By Tuesday they were pulling all the brand-new 4ESS software and replacing it with an earlier version of System 7. If these had been human operators, rather than computers at work, someone would simply have eventually stopped screaming. It would have been *obvious* that the situation was not "OK," and common sense would have kicked in. Humans possess common sense -- at least to some extent. Computers simply don't.
On the other hand, computers can handle hundreds of calls per second. Humans simply can't. If every single human being in America worked for the phone company, we couldn't match the performance of digital switches: direct-dialling, three-way calling, speed-calling, call- waiting, Caller ID, all the rest of the cornucopia of digital bounty. Replacing computers with operators is simply not an option any more.
And yet we still, anachronistically, expect humans to be running our phone system. It is hard for us to understand that we have sacrificed huge amounts of initiative and control to senseless yet powerful machines. When the phones fail, we want somebody to be responsible. We want somebody to blame. When the Crash of January 15 happened, the American populace was simply not prepared to understand that enormous landslides in cyberspace, like the Crash itself, can happen, and can be nobody's fault in particular. It was easier to believe, maybe even in some odd way more reassuring to believe, that some evil person, or evil group, had done this to us. "Hackers" had done it. With a virus. A trojan horse. A software bomb. A dirty plot of some kind. People believed this, responsible people. In 1990, they were looking hard for evidence to confirm their heartfelt suspicions.

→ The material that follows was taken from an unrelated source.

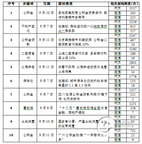 注:以上数据源自房观察数据研究中心对42家主流媒体一周(2015年9月7日-2015年9月11日)新闻监控。 1.多地密集放宽公积金贷款条件 或将刺激楼市去库存 摘要:近日,住建部、财政部与央行发布通知称,9月1日起,调整住房公积金个人住房贷款购房最低首付款比例,拥有1套住房并已结清购房贷款的公积金最低首付款比例由30%降低至20%。事实上,早在政策出台之前,南京、西宁、山东等全国多地早已密集调整了公积金政策,包括“公积金贷款转商业贴息贷款”“公积金即提即贷”“提高公积金贷款额度”等诸多具体措施。业内专家表示,目前楼市在成交量、价格方面都有走强趋势,各地密集调整公积金政策等利好政策,将推动楼市进一步去库存化。 2.住建部:房地登记统一以地控房防止一房多卖 摘要:国土资源部和住建部近日联合发出《指导意见》,要求各地做好不动产统一登记与房屋交易管理的衔接。《指导意见》明确:“房屋登记等不动产登记职责将统一整合到不动产登记机构,房屋交易管理职责继续由房产管理部门承担。”这意味着,不动产登记分工已经明确。 3.北京再推楼市刺激政策 公积金二套贷款首付降至20% 摘要: 北京公积金管理中心9月11日通知称,自9月14日起,对已有1套住房并已结清相应住房公积金个人贷款(含住房公积金政策性贴息贷款)购买第二套住房的借款申请人,执行第二套住房贷款政策,最低首付款比例由30%降低至20%。 4.上海二套房首付收紧 多家银行利率上浮10% 摘要:受“3•30新政”影响,上海二套房首付比例曾一度低至三成,从本月起,渤海银行从三成提至七成,至此二套房首付最低三成销声匿迹。利率方面,除华夏银行(600015,股吧)、广发银行、友利银行维持基准利率以外,其余23家银行利率均为在基准利率基础上上浮10%。 5.好看不好用 以房养老政策只是看上去很美 摘要:以房养老是跨资本市场和房地产市场的一种资源配置方式,在国内起步时被当作养老模式的一种有效补充而备受期待。但记者走访北京、上海、广州、武汉等试点城市发现,政策试点一年后遇冷已成现实,究其原因主要受传统养老观念、政府相关政策配套、不动产价值增贬预期、产权处置等因素影响。那么,以房养老政策真的就“好看不好用”? 6.住建部:城市停车位应在机动车保有量的1.1至1.3倍间 摘要: 住建部城建司副司长刘贺明在6日举行的新闻发布会上说,住建部已于本月初正式印发《城市停车设施规划导则》,立足从规划源头合力配置城市停车设施资源。这也是住建部探索从规划、建设和管理三个环节科学发展城市停车设施的第一步。 7.四川住房公积金贷款利率大幅下调 创历史新低 摘要:成都住房公积金管理中心发布公告称:自8月26日起,下调个人住房公积金贷款利率。其中5年期(含5年)以下个人住房公积金贷款利率由现行的3%下调至2.75%,5年期以上个人住房公积金贷款利率由现行的3.5%下调至3.25%,均创历史新低。 8.“十二五”营改增恐难全面收官 金融、房地产遇阻 摘要: 作为税制改革重要内容,十二五期间“营改增”全面收官的计划可能打折扣。在尚未改征增值税的三大行业中,金融业、房地产业的“营改增”落地遭遇诸多困难。 9.国家审计署:严查土地闲置 背后的监管闲置 摘要:审计署近日发布公告显示,7省市闲置土地盘活不到位,3.6万公顷土地被闲置,其中闲置最多的安徽省超过1.6万公顷;部分地块已闲置9年。一些地方和部门在闲置土地及处置上的不作为、慢作为令人痛心,土地闲置背后的监管闲置必须严查。 10.广州公积金拟推“一手楼快贷业务” 摘要:广州住房公积金管理中心发布最新消息,针对广州市政协委员唐激杨明确住房公积金贷款审批放款时间的建议,表示将采取措施提高审批效率,为了目前贷款审批抵押环节过长的现状,调研后将开展“一手楼快贷业务”,计划选择优质开发商实行提前放款,抵押手续在放款后规定时间内补办。 舆情关注:多地密集放宽公积金贷款条件 观点一:伟业我爱我家集团副总裁胡景晖分析表示,降准降息带来流动性的增加以及融资成本的降低,无疑将间接利好当下楼市,尤其是对进入8月份略显疲态的房地产市场将起到刺激作用,“金九银十”交易量有望再度攀高,而全年楼市成交量或创3年来新高。对购房人来说,改善型购房人群将成为今年楼市新政和4次降准降息利好叠加的最受益人群。本次“双降”将刺激改善型购房需求的持续释放。 观点二:中原地产首席分析师张大伟:降准之后,银行将增加贷款额度,对于购房者来说,首套房的利率折扣将明显增加。“目前一线城市的首套房贷款折扣主流在9折左右,未来有出现8.5折或者8折的可能性。对于购房者来说,这种直接的信贷刺激影响非常大。” 观点三:满堂红市场研究部高级经理周峰担忧,对楼市的刺激效果可以有多久,还是视乎地方政策的配合。在限购严格的城市,降准降息对楼市的影响还是比较有限,或许不如今年年初那一两次降息降准对楼市那么利好。在目前以去库存为主基调的市场大背景下,交易量的回暖并不会引发房价的大幅上涨,房价将相对平稳。 地方政府调增楼市还需新招 中央的降准降息和二套房首付政策调整后,本周国家层面未出台其他重大的楼市政策,住建部不动产登记根据实际情况做出新的调整,以及城市停车位比例等新的规定都未能取得较大的社会

And they would look in a lot of places.
Come 1991, however, the outlines of an apparent new reality would begin to emerge from the fog. On July 1 and 2, 1991, computer-software collapses in telephone switching stations disrupted service in Washington DC, Pittsburgh, Los Angeles and San Francisco. Once again, seemingly minor maintenance problems had crippled the digital System 7. About twelve million people were affected in the Crash of July 1, 1991. Said the New York Times Service: "Telephone company executives and federal regulators said they were not ruling out the possibility of sabotage by computer hackers, but most seemed to think the problems stemmed from some unknown defect in the software running the networks."
And sure enough, within the week, a red-faced software company, DSC Communications Corporation of Plano, Texas, owned up to "glitches" in the "signal transfer point" software that DSC had designed for Bell Atlantic and Pacific Bell. The immediate cause of the July 1 Crash was a single mistyped character: one tiny typographical flaw in one single line of the software. One mistyped letter, in one single line, had deprived the nation's capital of phone service. It was not particularly surprising that this tiny flaw had escaped attention: a typical System 7 station requires *ten million* lines of code. On Tuesday, September 17, 1991, came the most spectacular outage yet. This case had nothing to do with software failures -- at least, not directly. Instead, a group of AT&T's switching stations in New York City had simply run out of electrical power and shut down cold. Their back-up batteries had failed. Automatic warning systems were supposed to warn of the loss of battery power, but those automatic systems had failed as well.